The aim of the project is to readdress the way women and society as a whole are taught to perceive aesthetic and body shape.

Speaking to UniLad, Georgia said:

Any BODY was created because we were concerned at the way society and women looked at themselves, not to mention the endless comparisons women make to other women on social media.

So, Any BODY was born really to bring back a little real into our social media world.

It's not unusual for Instagram users to promote different and confident views on what a body 'should' look like.

Recently there was the personal trainer who showed how easy it is to hide cellulite on the platform, and how side by side photos can dramatically alter someone's shape.

However, Any BODY has quickly become something bigger than a viral photo.

Georgia recently joined a group of girls from different backgrounds and of all shapes and sizes during Miami swim week to highlight the extent of shaming online.

All of the models who now represent Any BODY only work with brands that produce clothing for all sizes, so as not to exclude any of their followers.
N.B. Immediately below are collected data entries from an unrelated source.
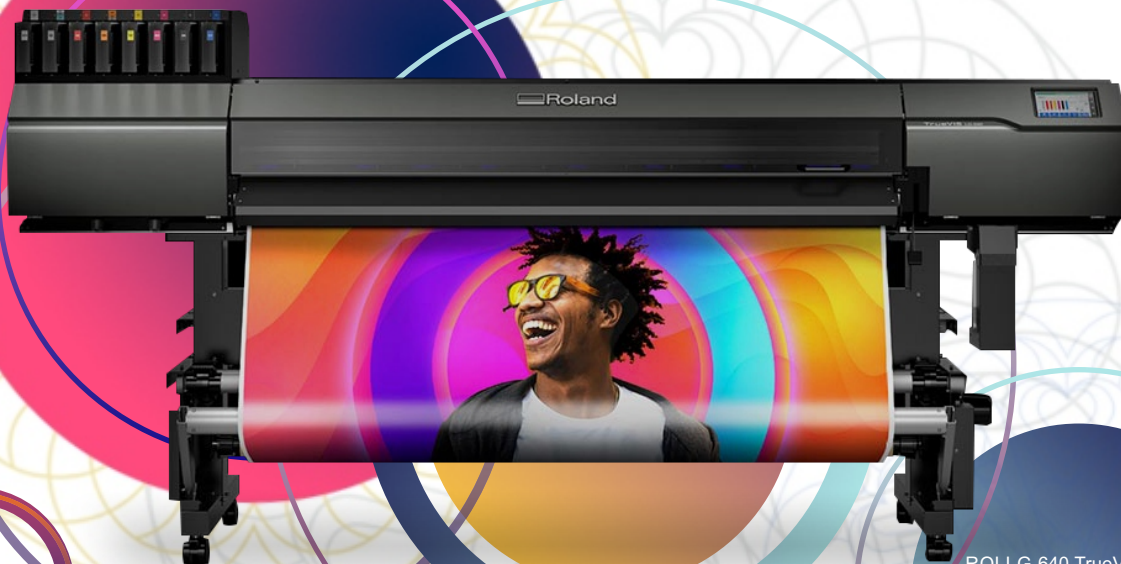
ROLLG-640 TrueVIS LG
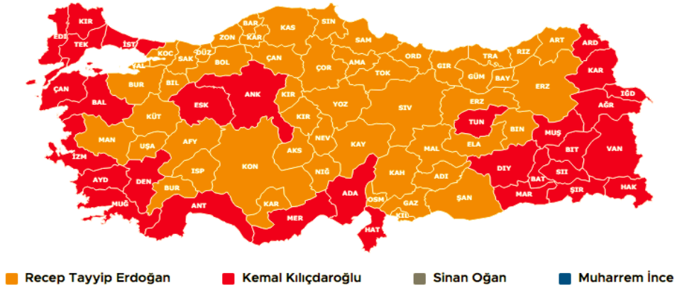
Şekil 2. 14 Mayıs 2023 Cumhurbaşkanlığı Seçimi Türkiye Geneli Sonuçları
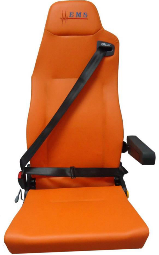
ISRI® Safe Seat V1

ISRI® Safe Seat V1: For left/right walls ISRI® Safe Seat V2: For separator wall
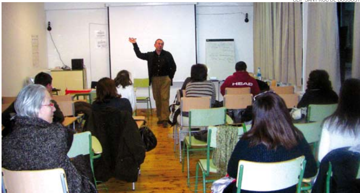
Asistentes a la charla organizada por el AMPA del IES d'Aran de Vielha.

La Asociación de Madres y Padres del IES d'Aran de Vielha organizó una charla para padres y alumnos sobre el programa 'Viure i conviure', un programa de ayuda mutua que supone un inter-
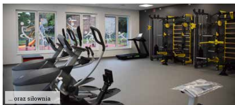
... oraz siłownia
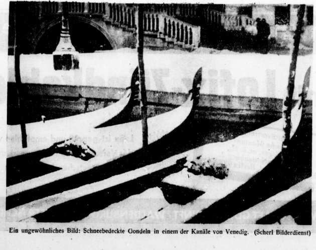
Ein ungewöhnliches Bild: Schneebedeckte Gondeln in einem der Kanäle von Venedig. (Scherl Bilderdienst)

Au Gegend, wo es besonders viele Analphabeten gibt, sind auf den Feldern Sandsteine das Bahnhofsrestaurant durch ein angedrucktes Brot, der Bahnhofsarzt durch einen Mann mit Hüftrohr
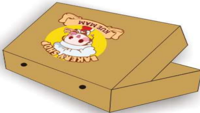
Gambar 3.3 Konsep Desain Kemasan 3.

Desain kemasan 3.3 ini berukuran 20 \times 10 \times 5 cm. Dengan penambahan lubang pada bagian belakang kemasan. Fungsi lubang pada kardus kue ini berguna untuk mengeluarkan uap panas dari kue di dalamnya agar kue tersebut tidak cepat basi atau berjamur. Pada kardus ini menggunakan material kertas duplex coklat (cwb). Kertas ini hamper sama seperti duplex akan
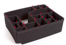
1560EUTP Kit de séparation de la valise TrekPak
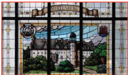
Wittenberg képe a Debreceni Egyetem Aulájának Róth Miksa által festett üveglakán (1938; rekonstrukció: 2010)
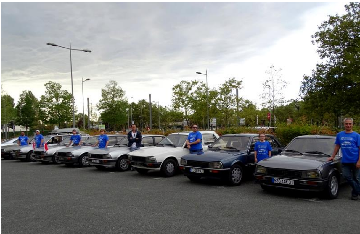
Les PEUGEOT 505 présentes lors de ce weekend (photo prise avant la visite de Bordeaux le samedi après-midi)
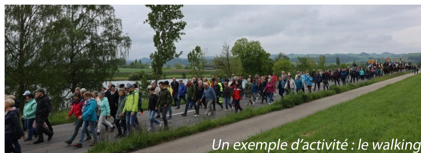
Un exemple d'activité : le walking

Le 10 mai 2025 sera la journée phare de Founex.Bouge, durant laquelle seront prévues différentes activités, pouvant consister en une randonnée pédestre, en des jeux d'équipes, ou en des cours de gymnastique. Elles auront lieu sur le parking de l'auberge communale, ainsi que sur la place de jeux attenante. Nous ne manquerons pas de vous informer de cette journée plus en détails au fur et à mesure de son organisation, que ce soit par le biais du site internet communal, ou via un prochain tous-ménages.
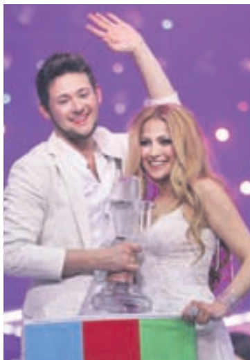
Aserbaidsjan hefur ekki sent okkur eitt einasta stig.

Stigaskipti Íslands og Svíþjóðar eru í mun meira jafnvægi. Við

Reflecting on the initial wave of negativity, Kate recalls how that had encouraged her to make a change.

UniLad quote her as saying:

I was just shocked at how people came to that conclusion in the first place.

 It just really ignited a fire in me that something had to be done regarding body image and including different body types side by side on social media.

The best friends who regularly hit the gym together now have over 200,000 followers on the Any BODY account, which was only launched in March.

Each post comes attached with it's own positive message and always achieves thousands of likes.

Speaking to Perth Now, Gibbs said:

We created Any Body to celebrate our differences, encourage women to quit the comparisons and learn to love themselves.

We hope that one day Kate and I will walk down a runway side by side, not in separate shows.